YUKARI

Haberler

Eklenme Tarihi: 15 Eylül 2009

"Afet Değil Cinayet"

  • 14.09.2009 NTVMSNBC

    Doğa Derneği Başkanı Güven Eken anlatıyor: "Ayamama Deresi neden taştı ve insanların ölümüne neden oldu? Bu sorunun yanıtına dair gazetelerde yazanlarla yetinmedim ve pek çok tır şoförünün hayatını kaybettiği İkitelli tır otogarına gittim. Otogarı, yüksekte hakim bir noktadan izledim."

    İstanbul son günlerde tarihin gördüğü en büyük felaketlerden birini yaşıyor.

    Nedeni: Çatalca Yarımadası'ndan doğup Bakırköy'den Marmara Denizi'ne dökülen Ayamama Deresi'nin taşması ve etrafındaki yerleşim alanlarını su altında bırakması.

    Dereler, var oluşları gereği düzensiz akan doğal oluşumlar. Türkiye coğrafyasındaki derelerin çoğu yazın kurumaya yüz tutuyor ve sonbahar, kış ve ilkbahar aylarında yeniden canlanıyor.

    Dereler olmasa ve akmasa, ne içecek su bulabilirdik, ne tarım yapacak toprak, ne de denizde balık. Çünkü dereler, tüm yer küreyi vücudumuzu saran kılcal damarlar gibi sarar ve içlerinden akan suyla birlikte alüvyonlu toprağı, besini ve oksijeni dünyanın dört bir köşesine taşır. Bu, doğanın değişmez kuralıdır ve derelerin durması aslında yaşamın durması anlamına gelir.

    Durum böyleyken, Ayamama Deresi neden taştı ve insanların ölümüne neden oldu?

    Bu sorunun yanıtına dair gazetelerde yazanlarla yetinmedim ve pek çok tır şoförünün hayatını kaybettiği İkitelli tır otogarına gittim.

    Otogarı, yüksekte hakim bir noktadan izledim. Tırların park alanı, üç tarafın kapalı bir çukurdu. Çukurun tek açık yanı derenin geldiği yöndü. Dere, otogarın kuzeyinden gelerek tırların park ettiği alanı ikiye bölüyordu. Ayamama Deresi, taşkınları önlemek amacıyla her iki taraftan da islah edilmişti, yani beton setler arasına alınmıştı. Ancak görünen manzarada bir terslik vardı...

    Derenin tır otogarını terk etmesi gereken noktanın üzerinde 15-20 metre yükseklikte bir set inşa edilmişti. Bu setin üzerinden TEM'den ayrılan arabalar geçiyordu. Yani set, TEM'in bir yan yolunu oluşturmak için yapılmıştı. Ayamama Deresi ise setin altından açılan dar bir menfezle otogarın bulunduğu çukurdan dışarı akıyordu. Menfezin kapanması halinde, setin bir baraj vazifesi görmesi ve tüm otogar alanını suyla doldurması an meselesiydi...

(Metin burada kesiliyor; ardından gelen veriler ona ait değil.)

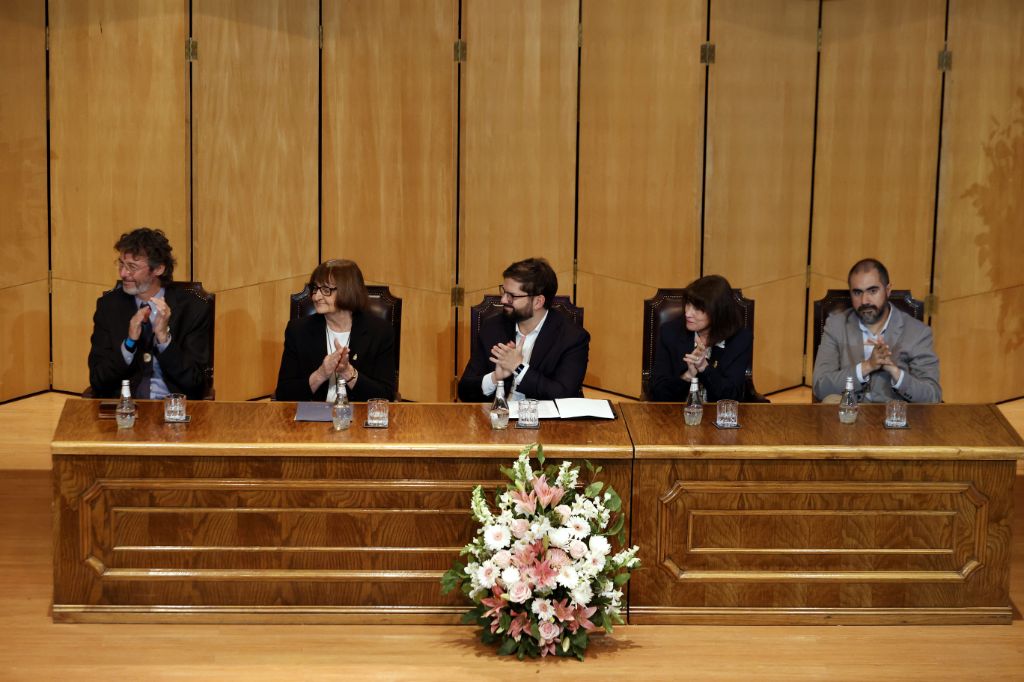 Finalizando sus palabras, el presidente señaló: “Estar en la universidad y en particular estar en la Universidad de Chile es un privilegio que tenemos que saber también responder, que tenemos que saber también agradecer trabajando por nuestra comunidad y por el bien común”.

    Nitekim, iki gün önce sabaha karşı öyle oldu. Yoğun yağışla beraber Ayamama Deresi "islah edilen" yeni yatağına sığmadı, yağışla beraber gelen hafriyat setin altından geçen menfezi tıkadı ve arkasındaki çukuru doldurdu. Fatura, tüm bu teknik ayrıntılardan habersiz, kaderine terk edilen insanlara kesildi. Sekiz kişi, hayatını kaybetti.

    Üst üste yığılmış ve iskambilller gibi birbirinin üzerine yıkılmış tırları izlerken şunu düşünmeden edemedim. Bu insanlar için derenin kenarını otopark ilan eden insanlar, bu akşam nasıl uyuyacak? Ortadaki tabloya, doğanın hikmeti demeyi nasıl sürdürecek?

    Ayamama Deresi islah edilmiş bir dere olmasına rağmen Başbakan konuyla ilgili açıklamasında şöyle demiş: "Dereleri islah edeceğiz".

    Oysa hepimiz biliyoruz ki, asıl islah edilmesi gereken dereler değil, ülkenin suyunu yanlış yönetenler.

    İnsanların canını alan ise sel değil, dere yataklarını o insanlara tahsis edenler.